# Cal 34 or Ericson 35?



## EricP1 (Aug 7, 2011)

Hi all, we are looking into purchasing either a Cal 34 or an Ericson 35, 1970's era. Anyone have any thoughts on either of these? Is there a clear distinction on which one has better build quality? Love to hear what anyone has to say.

Thanks,
Eric


----------



## Faster (Sep 13, 2005)

I think in general terms Ericson would have a slightly better rep for build quailty.. but Cal 34s are a good roomy boat, probably more room than the Ericson, with a more spacious open cockpit. The E35s cockpit with it's wheel is a bit chopped up.

The E35s transom is rather distinctive and something you either like the look of or don't.. Also the E 35 from that era will have a lot more wood trim to look after.


----------



## mikel1 (Oct 19, 2008)

Check out ericsonyachts.org they know all things ericson and are a friendly bunch...


----------



## Tim R. (Mar 23, 2003)

Funny, I compared these exact two boats a few years back but they were the mid 80s models.

I would opt for the Ericson(the 70s model is the 35-2) as it has a great community website and support at EricsonYachts.org: The Starting Point on Ericson Yachts!. Sometimes Martin King, Bruce's son, even chimes in.

One thing to look out for on the E35-2 is the chainplates. They are notorious for leaking.


----------



## eherlihy (Jan 2, 2007)

There were 2 models of CAL 34 produced in the '70s.
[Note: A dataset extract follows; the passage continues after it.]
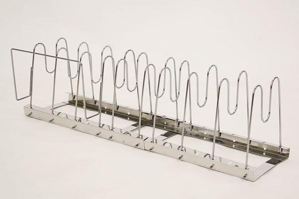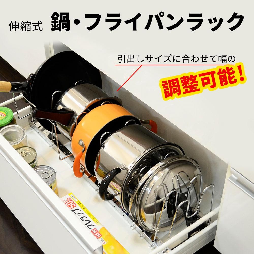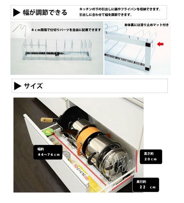 | 引出しサイズに合わせて幅が調整可能なフライパンラック。 |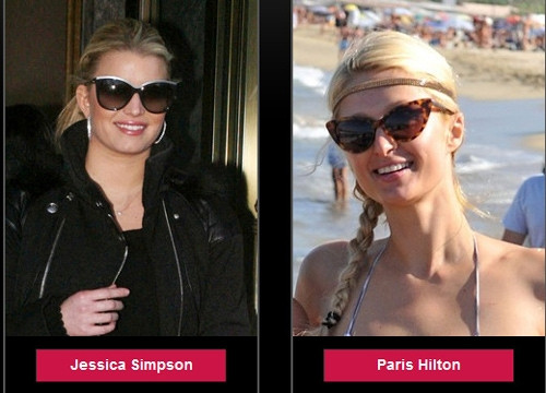 Kính mắt mèo điểm viền trắng của nàng béo Jessica Simpson trẻ trung và hài hòa với các đường nét trên khuôn mặt hơn hẳn Paris Hilton

You will need to be specific about which year to get accurate feedback. In general (and many will disagree with me), I don't like V drives, which are used in the 1968-1975 CAL 34. I don't know if it was used in the 1977-1979 CAL 34-III. Then there is that whole Gas/Diesel thing to figure out (which would you prefer?).
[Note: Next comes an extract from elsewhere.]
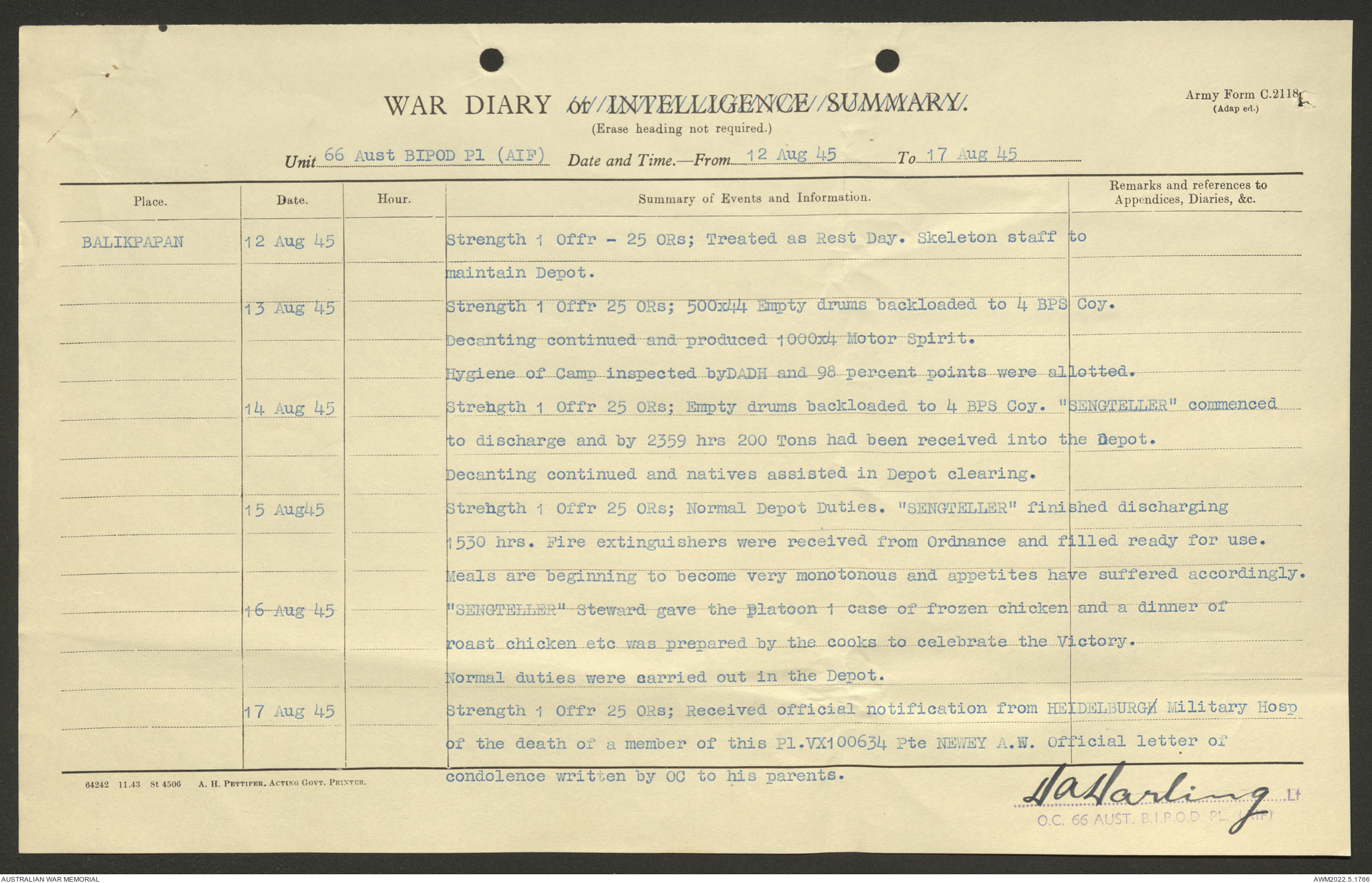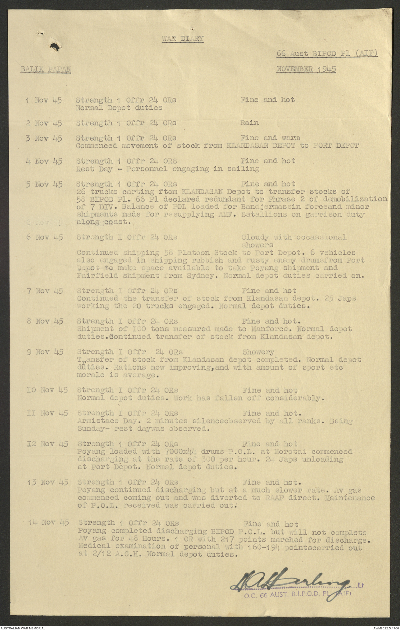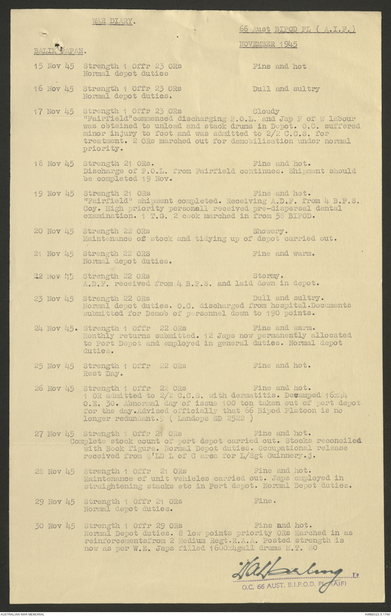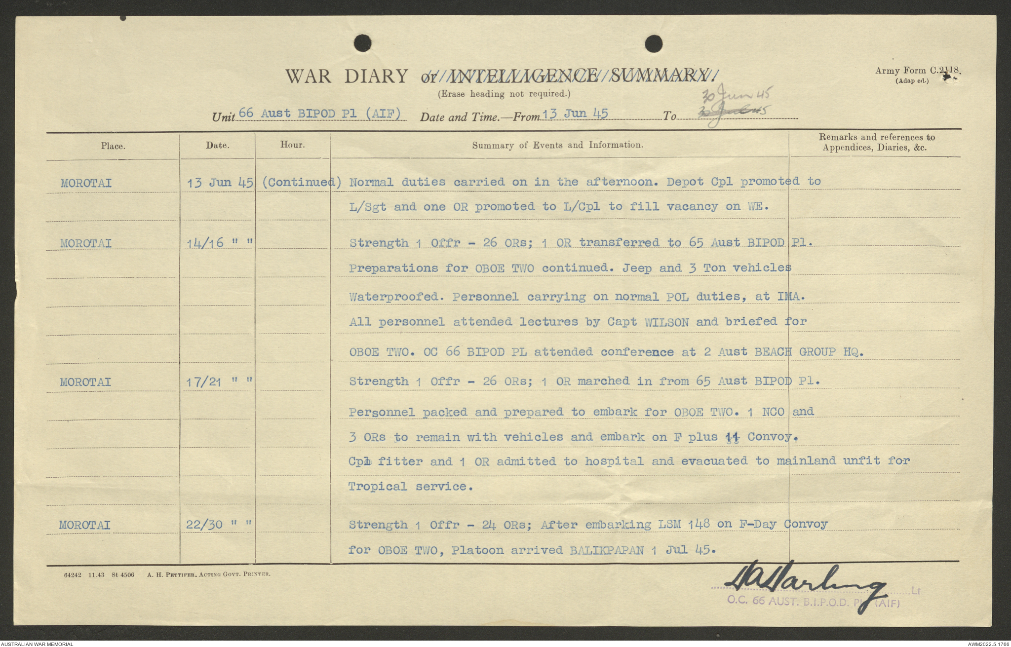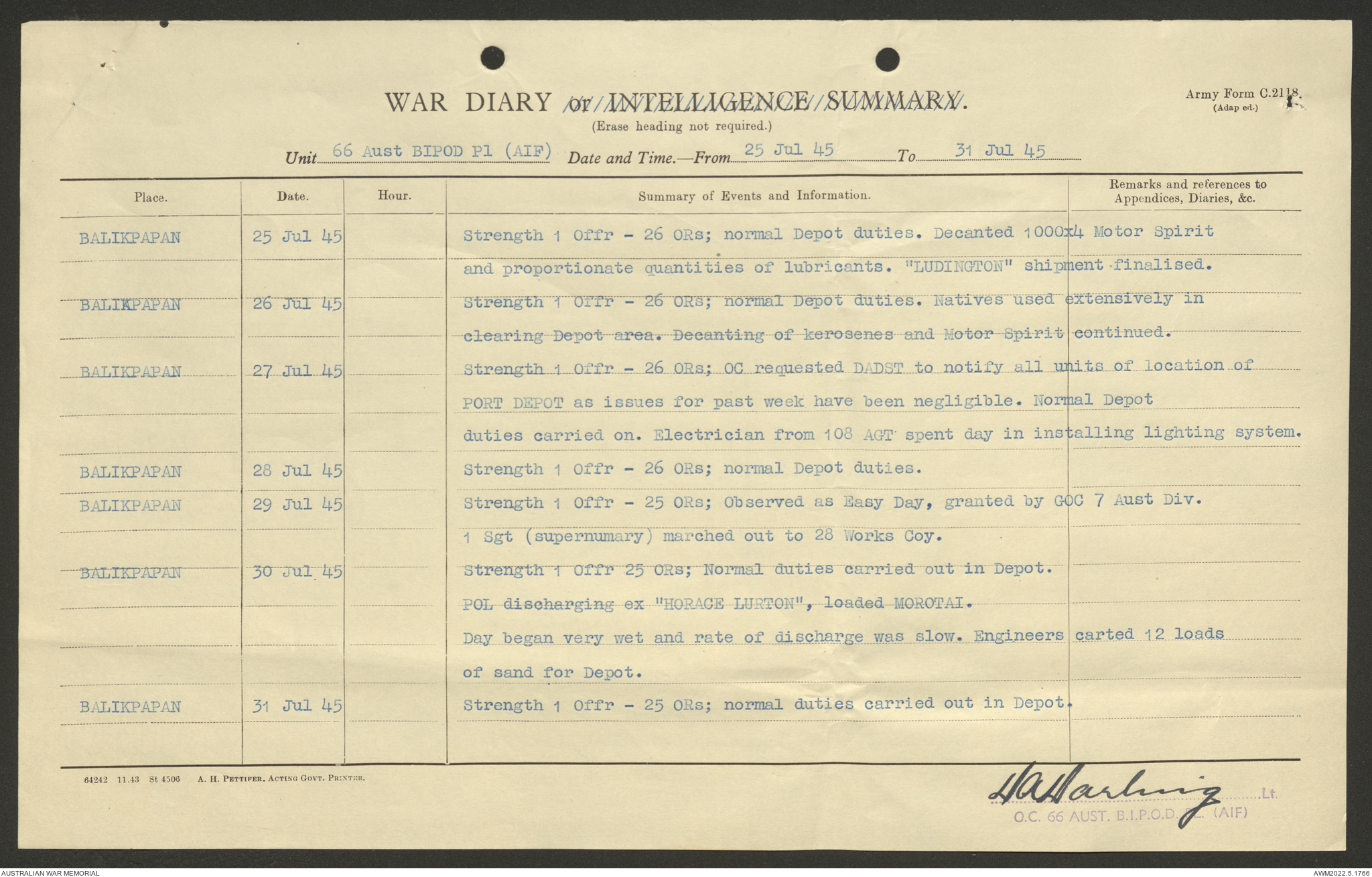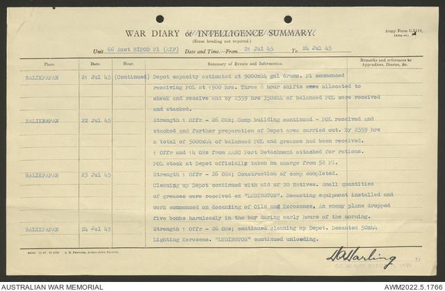 AWM52 10/19/36/1 - [Unit War Diaries, 1939-45 War] 66 Australian BIPOD [Bulk Issue Petrol and Oil Depot] Platoon, May - December 1945

Here is that transom from the 1969-1981 Ericson 35 that Faster mentions;
http://sailboatdata.com/viewrecord.asp?class_id=1708


----------



## L124C (Oct 4, 2007)

eherlihy said:


> There were 2 models of CAL 34 produced in the '70s. You will need to be specific about which year to get accurate feedback. In general (and many will disagree with me), I don't like V drives, which are used in the 1968-1975 CAL 34. I don't know if it was used in the 1977-1979 CAL 34-III. Then there is that whole Gas/Diesel thing to figure out (which would you prefer?).
> 
> Here is that transom from the 1969-1981 Ericson 35 that Faster mentions;
> ERICSON 35-2 sailboat on sailboatdata.com


Just looked at a 1978 Cal 34 III. It has a V drive. Why don't you like them. On this boat, it turned the Beta diesel around, making an accessible motor, rather un-accessible! Other than that, whats wrong with a V drive?


----------



## olson34 (Oct 13, 2000)

I have done a fairly long delivery in a Cal 34-3. Westerbeke V-Drive.
Compared to more recent designs of that length, it seems a little small at party time, but out in the ocean it really deserves its reputation as a sea-kindly hull.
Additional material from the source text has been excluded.